# Source material
__________
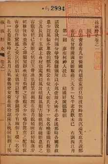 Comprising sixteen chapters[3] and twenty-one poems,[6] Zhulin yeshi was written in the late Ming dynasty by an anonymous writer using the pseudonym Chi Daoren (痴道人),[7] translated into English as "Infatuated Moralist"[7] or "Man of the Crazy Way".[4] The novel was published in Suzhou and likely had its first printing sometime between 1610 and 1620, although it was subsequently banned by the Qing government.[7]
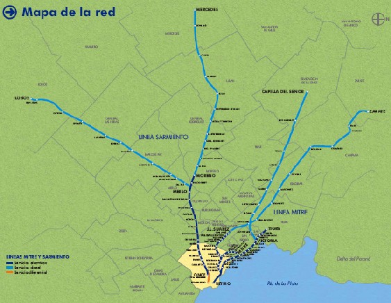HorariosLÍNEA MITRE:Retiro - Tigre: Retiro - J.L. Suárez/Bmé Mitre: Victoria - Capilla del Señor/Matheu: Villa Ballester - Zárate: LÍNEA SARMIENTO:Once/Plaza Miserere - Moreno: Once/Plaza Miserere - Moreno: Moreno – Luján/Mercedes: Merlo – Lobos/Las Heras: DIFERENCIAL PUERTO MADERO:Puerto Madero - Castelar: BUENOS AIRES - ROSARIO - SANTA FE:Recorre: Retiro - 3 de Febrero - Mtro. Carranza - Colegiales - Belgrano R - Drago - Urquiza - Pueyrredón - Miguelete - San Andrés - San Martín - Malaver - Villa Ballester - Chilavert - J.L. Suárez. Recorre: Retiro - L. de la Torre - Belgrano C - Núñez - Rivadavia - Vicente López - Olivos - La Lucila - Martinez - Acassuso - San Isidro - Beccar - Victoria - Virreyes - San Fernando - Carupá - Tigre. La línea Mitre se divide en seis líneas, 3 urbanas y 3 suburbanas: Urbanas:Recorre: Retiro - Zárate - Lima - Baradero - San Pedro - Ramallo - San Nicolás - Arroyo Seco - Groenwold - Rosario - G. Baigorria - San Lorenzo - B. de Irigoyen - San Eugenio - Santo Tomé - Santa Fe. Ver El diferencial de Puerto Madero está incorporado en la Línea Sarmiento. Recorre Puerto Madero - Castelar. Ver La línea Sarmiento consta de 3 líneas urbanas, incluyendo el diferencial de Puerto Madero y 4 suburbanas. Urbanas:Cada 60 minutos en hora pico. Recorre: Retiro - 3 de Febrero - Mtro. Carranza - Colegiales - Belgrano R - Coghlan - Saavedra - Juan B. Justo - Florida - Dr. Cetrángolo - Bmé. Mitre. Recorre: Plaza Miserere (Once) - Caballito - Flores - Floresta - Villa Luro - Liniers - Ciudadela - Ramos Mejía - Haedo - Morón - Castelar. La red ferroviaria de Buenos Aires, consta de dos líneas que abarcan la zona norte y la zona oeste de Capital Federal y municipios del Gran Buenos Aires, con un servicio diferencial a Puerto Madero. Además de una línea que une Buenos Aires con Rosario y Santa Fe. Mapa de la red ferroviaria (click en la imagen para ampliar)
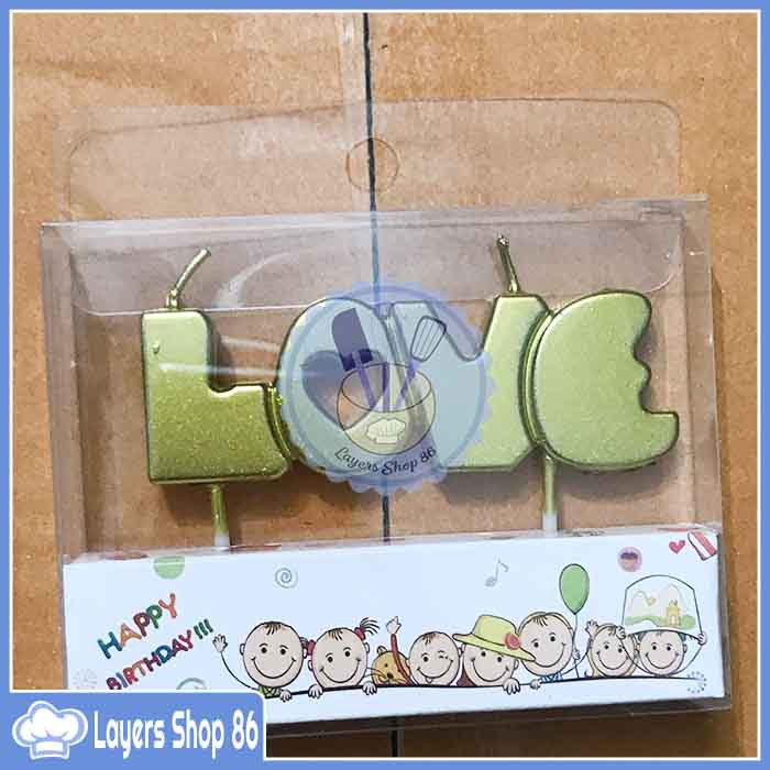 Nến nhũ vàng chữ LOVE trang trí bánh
__________
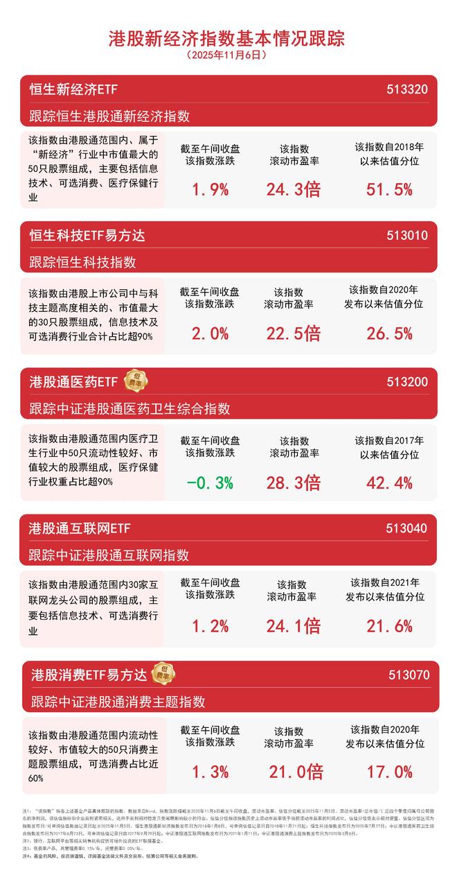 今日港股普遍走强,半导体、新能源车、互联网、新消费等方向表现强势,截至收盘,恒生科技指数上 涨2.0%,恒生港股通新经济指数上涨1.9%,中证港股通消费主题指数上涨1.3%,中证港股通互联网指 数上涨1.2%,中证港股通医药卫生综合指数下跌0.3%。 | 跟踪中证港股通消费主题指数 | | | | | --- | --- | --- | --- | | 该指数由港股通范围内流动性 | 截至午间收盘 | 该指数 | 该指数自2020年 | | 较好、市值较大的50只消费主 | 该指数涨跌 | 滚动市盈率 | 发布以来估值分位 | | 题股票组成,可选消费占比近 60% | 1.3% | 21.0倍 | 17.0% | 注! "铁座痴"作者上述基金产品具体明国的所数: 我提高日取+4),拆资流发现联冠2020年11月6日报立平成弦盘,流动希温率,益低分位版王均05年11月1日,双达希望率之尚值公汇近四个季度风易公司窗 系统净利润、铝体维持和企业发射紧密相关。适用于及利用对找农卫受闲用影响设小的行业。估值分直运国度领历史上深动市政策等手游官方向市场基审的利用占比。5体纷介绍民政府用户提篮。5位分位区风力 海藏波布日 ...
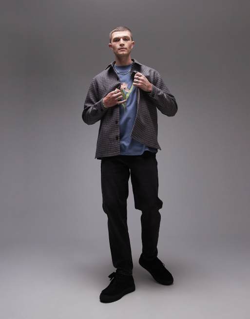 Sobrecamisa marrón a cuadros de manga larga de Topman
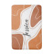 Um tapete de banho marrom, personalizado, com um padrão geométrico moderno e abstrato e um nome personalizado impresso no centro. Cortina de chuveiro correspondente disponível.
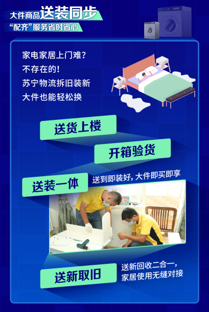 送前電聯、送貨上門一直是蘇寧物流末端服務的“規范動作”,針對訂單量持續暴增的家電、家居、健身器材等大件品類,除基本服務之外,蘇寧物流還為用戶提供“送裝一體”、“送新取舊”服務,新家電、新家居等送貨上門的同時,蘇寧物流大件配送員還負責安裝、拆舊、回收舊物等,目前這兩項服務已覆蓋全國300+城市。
__________
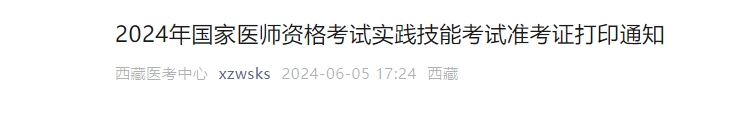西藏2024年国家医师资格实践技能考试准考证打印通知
__________
# What you need to do
Taking the entries above, copy word for word the lines from the one with "Um tapete de" up to and including the one with "送前電聯、送貨上門一直是蘇寧", without any picture.

# Answer to this problem
 Um tapete de banho marrom, personalizado, com um padrão geométrico moderno e abstrato e um nome personalizado impresso no centro. Cortina de chuveiro correspondente disponível.
 送前電聯、送貨上門一直是蘇寧物流末端服務的“規范動作”,針對訂單量持續暴增的家電、家居、健身器材等大件品類,除基本服務之外,蘇寧物流還為用戶提供“送裝一體”、“送新取舊”服務,新家電、新家居等送貨上門的同時,蘇寧物流大件配送員還負責安裝、拆舊、回收舊物等,目前這兩項服務已覆蓋全國300+城市。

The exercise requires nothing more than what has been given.